Source: Runa Digital Assets.
[1] Based on Runa’s internal projections. Inputs include total ETH supply, amount of ETH staked, transactions fees, priority fees, MEV.

Final Takeaways

Shapella is unquestionably a positive upgrade and achievement in Etheruem’s long term roadmap, but we found it worthwhile to prepare ourselves for a number of outcomes including potential ETH sell pressure. Our ultimate view is it will not be consequential on its own, and macro factors are more likely to contribute to price action over the next 1-3 months. Perhaps an unexciting conclusion depending on your exposure to ETH.

We do believe Shapella has the potential to be a bigger catalyst to other tokens though. Liquid staking derivatives could be the biggest beneficiary. While they offer liquidity today through their respective derivative tokens, it can be rather spotty liquidity and disappear in times of serious market stress. In June for example, Lido’s stETH was trading at a 10% discount to ETH, as markets went through a violent deleveraging process. Shapella will bring native liquidity in allowing for derivative tokens to be unstaked and redeemed at par regardless of market conditions. We believe these protocols will continue to amass market share among staking providers, as centralized parties offer limited DeFi utility and confront potential regulatory headwinds.

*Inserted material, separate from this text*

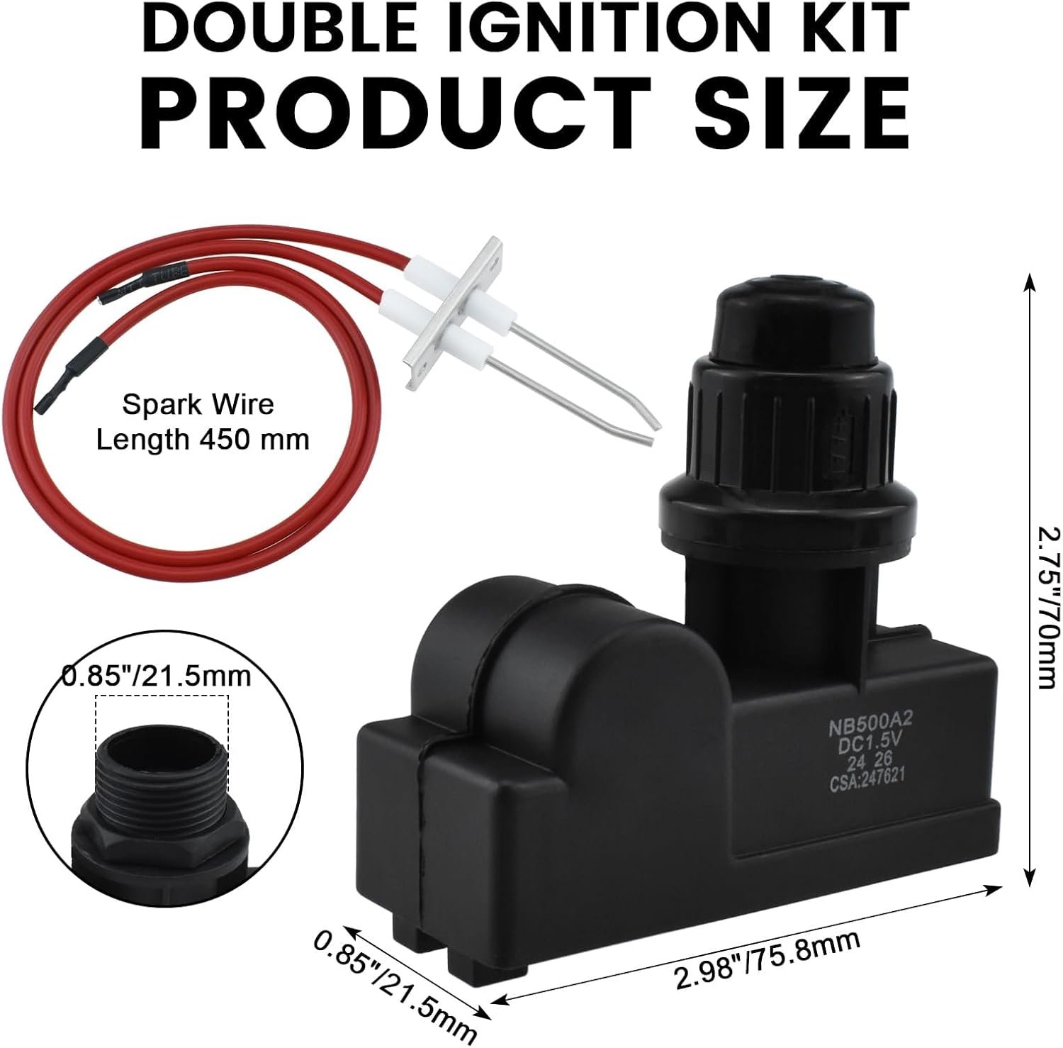 Easy to Use: Push button igniter kit is easy to install, easy to operate, just press the button, ignition is simpler and safer, one piece of two outlets igniter and double ignition spark. Sparking distance is 2-4 mm

Another sub-sector that is already trending and we think will soon benefit from Shapella is Layer 2s like Arbitrum and Optimism. While not directly tied to Shapella in any way, they will be gaining developer mindshare in the weeks ahead. Shapella is the final upgrade in the Proof-of-Stake migration and completes an amazing feat for Ethereum developers in making what is the equivalent of a mid-flight engine swap. Their attention will now turn to the scaling roadmap, the first stop being the EIP-4844 upgrade. This upgrade delivers ‘proto-danksharding’, a new transaction type that will drastically reduce fees for Layer 2 networks who use Ethereum to store their data. Activity on Layer 2 networks has been rising for months, and a further reduction in transaction fees should provide a catalyst for more activity. Other Ethereum-based upgrades like account abstraction will improve the user experience, and Layer 2 networks will be uniquely positioned to offer a better user experience at a lower cost.


Daily Active Addresses for Ethereum and Layer 2s (10/1/2022 – 4/1/2023)


The momentum in the Ethereum ecosystem is hard to ignore, and Shapella provides another demonstration of the ability to set a roadmap and execute on the plan. Sure, it may have taken longer than expected, but the upgrade process has been a smooth one so far. As they say in racing, ‘slow is smooth, smooth is fast.’ Ethereum sits comfortably in the driver seat as the dominant Layer 1 blockchain but knows scaling upgrades are needed to stay on track.


This article (i) is only for informational and educational purposes, (ii) is not intended to provide, and should not be relied upon, for investment, accounting, legal or tax advice, and (iii) is not a recommendation as to any portfolio, allocation, strategy or investment. This article is not an offer to sell or the solicitation of an offer to buy any securities or other instruments.